Building AI Workflows That Survive Platform Risk
I’ve been on the road again this week, travelling to Portland, Oregon for the Independent Book Publishers Association Publishing University, where I’m speaking today. One quick observation, informed by email exchanges with my friend and his AI agent while I was travelling, and several conversations at the convention.
For the last couple of years, most of the discussions about AI have assumed one of two futures: a bubble-bursting collapse if you believe the critical view, or an up-and-to-the-right trajectory with models improving and costs falling. Either of those scenarios could prove broadly true, but they are not guaranteed. It’s more likely that we’re going to see something between them that’s a little messier.
The experience of recent weeks highlights some of the potential issues. More and more friends and colleagues are using AI models—particularly Claude—and seeing significant results. But over the same period of time, I’ve seen outages, changes to usage limits, subscription tiers and token pricing. This volatility is not unprecedented: startups built businesses on the Twitter API, only to see the rules of the road changed. Many publishing brands became over-reliant on social networks for their audience, only for algorithms to be more aggressively monetised. As consumers, we’ve all benefitted from inexpensive prices because startups use investor money to subsidise pricing in the expectation of raising prices once they have built market share. For three weeks in a row, my newsletter has featured stories about rising token prices, suggesting we’re leaving the Uber phase of AI pricing. All of this volatility makes it hard to build businesses and workflows around AI tools.

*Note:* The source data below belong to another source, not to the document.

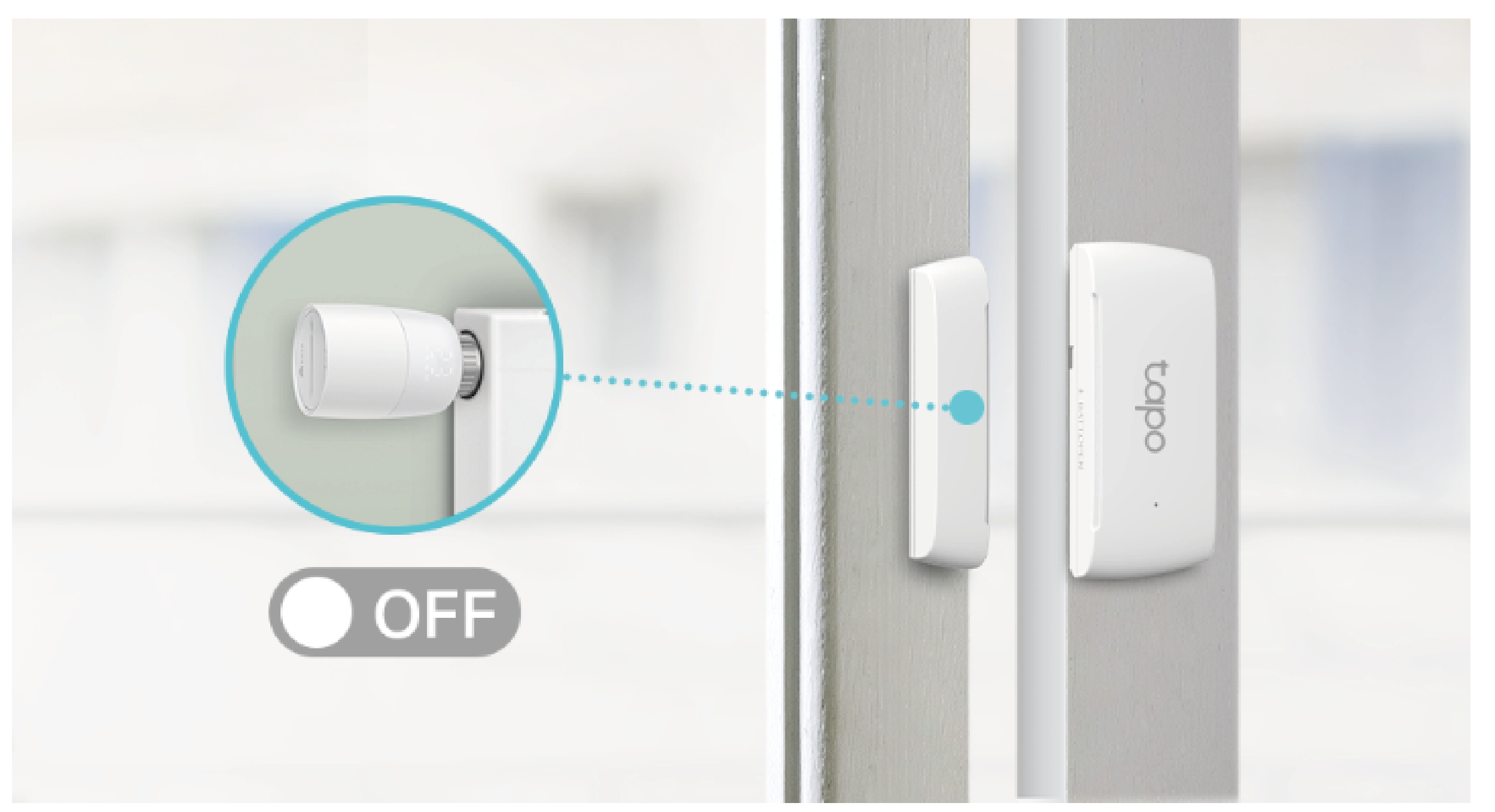 Termostat automatycznie wyłączy ogrzewanie i aktywuje Ochronę przed mrozem, gdy połączony czujnik magnetyczny (Tapo T110) zostanie wyzwolony. Dzięki temu rozwiązaniu oszczędzisz energię i utrzymasz bezpieczeństwo domu.
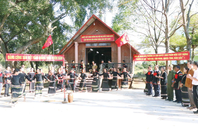 ប្រជាជនភូមិ អា ក យ្ហុង សង្កាត់ បួនម៉ាថួត (ខេត្ត ដាក់ឡាក់) វាយគងឃ្មោះ រាំច្រៀងសម្តែងក្តីរីករាយត្រេកអរ ការជឿទុកចិត្តនិងការរំពឹងទុកចំពោះភាពជោគជ័យនៃមហាសន្និបាតបក្ស ១៤។
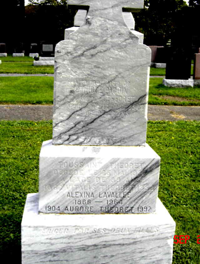 Pierre tombale de Toussaint Théoret, époux de Edwidge Paquin; de Vitalis Théoret, époux de Alexina Lavallée; et de Aurore Théoret (R)
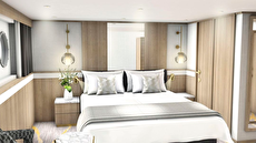 Deck 3 Superior French Balcony Cabin (10) Just like the superior cabins on Deck 1, these ones line up a king-size bed, which can be made into two singles, plus a desk and a lounge chair. They’re still 15m², but floor-to-ceiling glass doors lead out onto a French balcony. Please note, the cabin image is the planned appearance. |
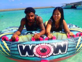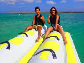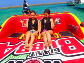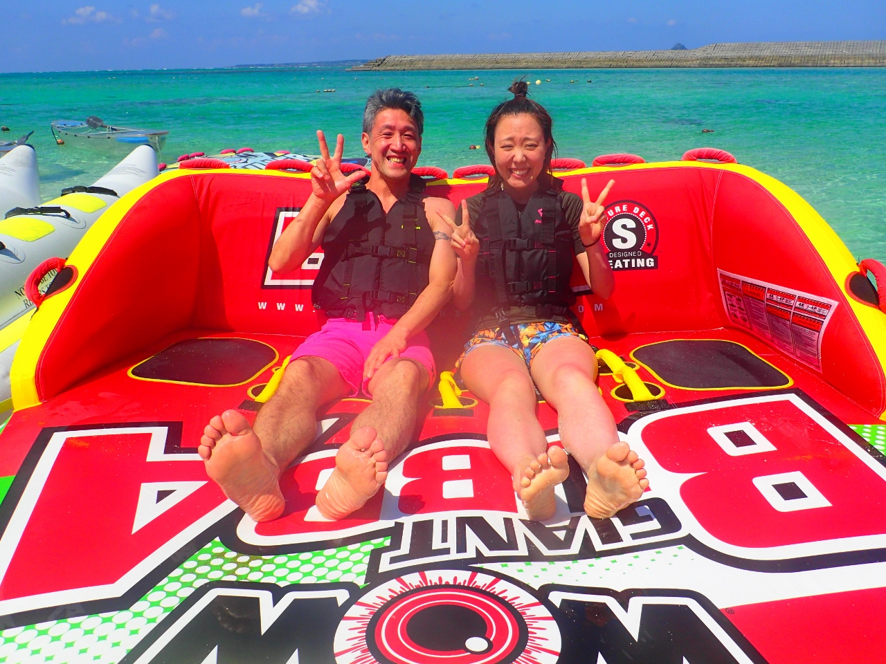 親子で楽しめるカヤックや、バナナボート。絶叫系のマリンスポーツ、マーブル、モンスターも大人気です。わ~!キャ~の声がいっぱい聞こえます![]()
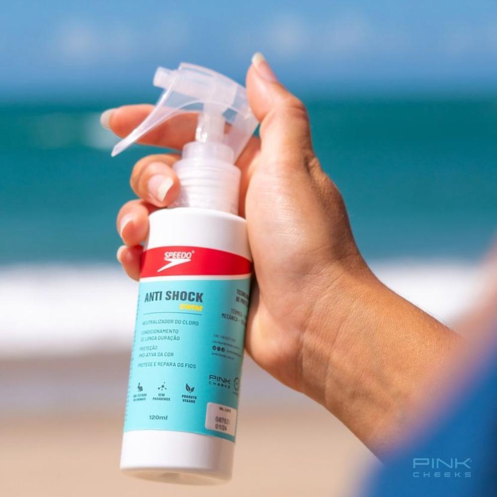 O leave-in spray Anti Shock Swim Speedo é um fluido capilar, com filtro solar, que alia 4 tecnologias de proteção: térmica, química, mecânica e solar UVA/UVB. Protege seus cabelos formando um filme ao redor dos fios, contra os danos causados pelo sol, água da piscina, do mar e calor do secador ou chapinha! * RESULTADO: Hidratação Reparação Resistência Multifuncional * SUGESTÕES DE USO: 1.Borrife o leave-in nos cabelos secos ou úmidos do comprimento às pontas antes de nadar. 2.Não enxague. 3.Após a aplicação, escove os fios. 4.Para um melhor resultado, reaplicar a cada 2 horas de permanência na água. * OBSERVAÇÕES: Imagem Meramente Ilustrativa * ITENS INCLUSOS: 1 Pink Cheeks Anti Shock Swim Speedo Leave-in Spray 120ml

How can individuals and businesses mitigate against that risk? Many of the smartest people I know are converging on an interesting pattern of AI use. They are not building workflows inside Claude, ChatGPT or other specific models. Instead, the model is providing a harness or interface, through which they access their own systems. Personal information, where the real value exists, sits elsewhere in their stack. For example, my notes and writing exist as Markdown files saved in the cloud, and my personal data in Google Workspace, accessed through MCP. Claude Cowork and Claude Code access, interact with and update that data. But if Claude became unavailable, prohibitively expensive or just outpaced by a competitor, I can switch out the harness without changing the underlying system.